Angrest survived the battle and two years of captivity in Gaza. He was one of the 20 hostages who returned alive Monday. Visibly weak and pale, he had insisted on leaving the hospital where he has been recuperating to attend the funeral.
“It was important for me to salute and pay final respects to my commander Daniel, of blessed memory, who led our heroic battle on that fateful Saturday,” Angrest said in an emotional eulogy.
But he said “the circle would only be complete” with the return of the remains of the fourth crew member, Itay Chen, so he too could be “laid to rest in Israeli soil, together with all the fallen.”
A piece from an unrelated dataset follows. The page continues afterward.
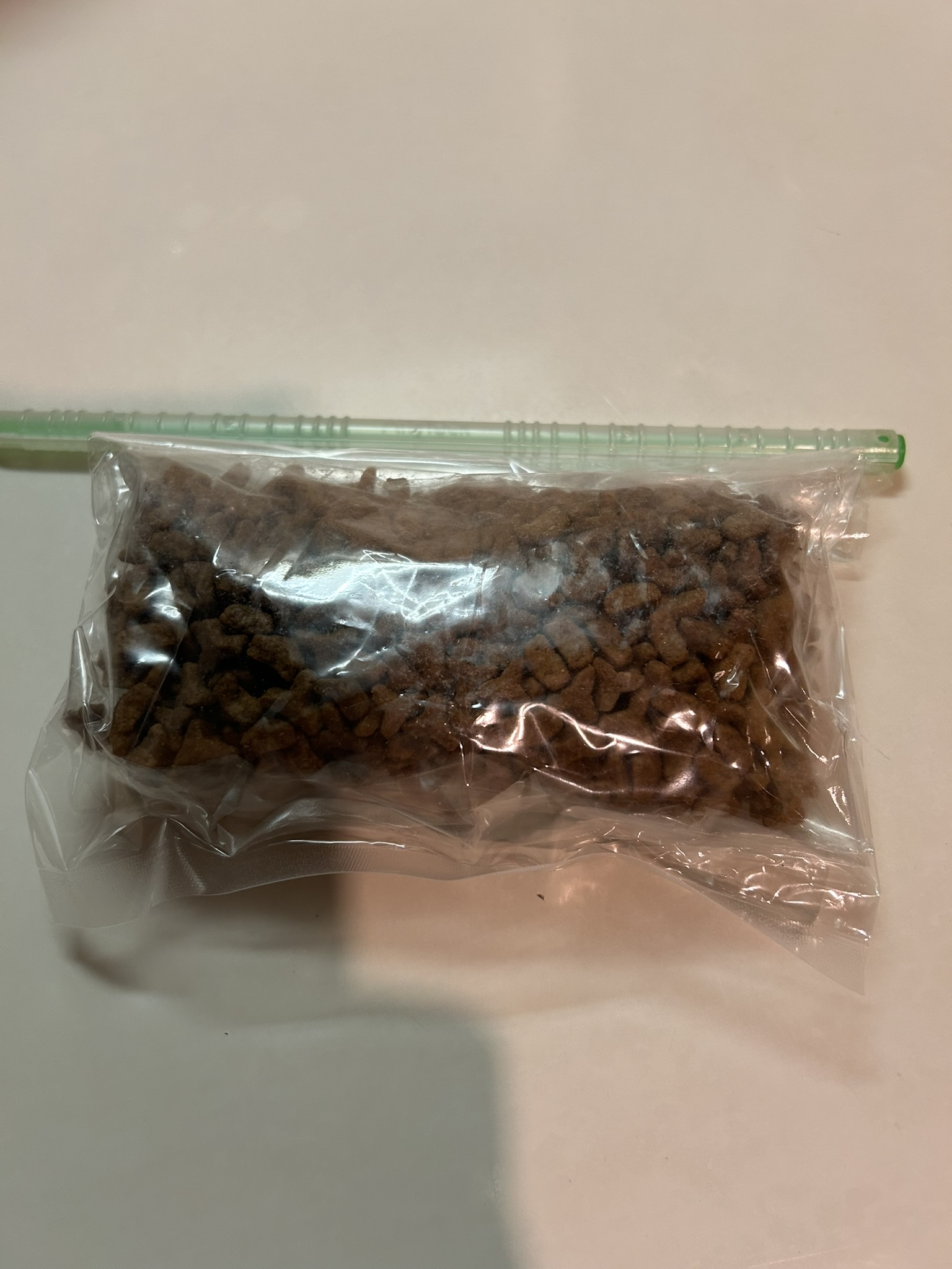 基本のカリカリです。Amazonの箱買いをジップロックのコンテナに入れる、入りきらない分は棒状のジップで留めています。

The Peretz family came to Israel from South Africa when Daniel was 13. Peretz’s father, Rabbi Doron Peretz, spoke warmly in his eulogy of the camaraderie that now binds the parents of the tank crew members and many others touched by the assault of October 2023 and by the war. Looking out at the multitude of mourners, he said: “We are not a small country. We are a large family.”
Hamas militants in Gaza have handed over the remains of 10 people since Monday, out of a total of 28 bodies that the Israeli government said were in Gaza when the ceasefire was reached. The identity of one of the bodies that was received is still not clear.
But Hamas’ military wing said Wednesday night that it had handed over all of the remains of hostages that it had been able to recover without additional equipment, potentially putting the ceasefire at risk.
The ceremonies for Iluz, who was 26, began with a procession from a funeral home in Rishon Lezion. About 100 people carrying flags walked through the streets solemnly, in silence, behind a van carrying the coffin until it left town on its way to Ra’anana.
His father, Michel Iluz, eulogized him by the graveside, addressing him as “my Guyshuk.” He described his son being captured by gunmen from Gaza during the Oct. 7 attack. They ordered the young man to turn around and shot him twice in the back, “just for the pleasure of it,” he said,
Guy Iluz was then abducted, wounded but alive, and hospitalized in Gaza. The Israeli military later said he had succumbed to his wounds after not receiving proper medical care there.
One released hostage, Maya Regev, attended the funeral Wednesday and recounted encountering Iluz in the hospital in Gaza. She was with him when he died.
“You suffered a week alone until I arrived,” she wrote a day earlier on social media, after his body had been returned and identified. “We spoke about the most simple and pure things in the darkest and most horrific place that man has known,” she said.
Michel Iluz, thanked Regev and said his son had received a gift by having Regev by his side in his final moments. Now, he said, his son was back in the land he loved.
“Rest,” he told him, “after a journey of two years in worlds unknown to us.”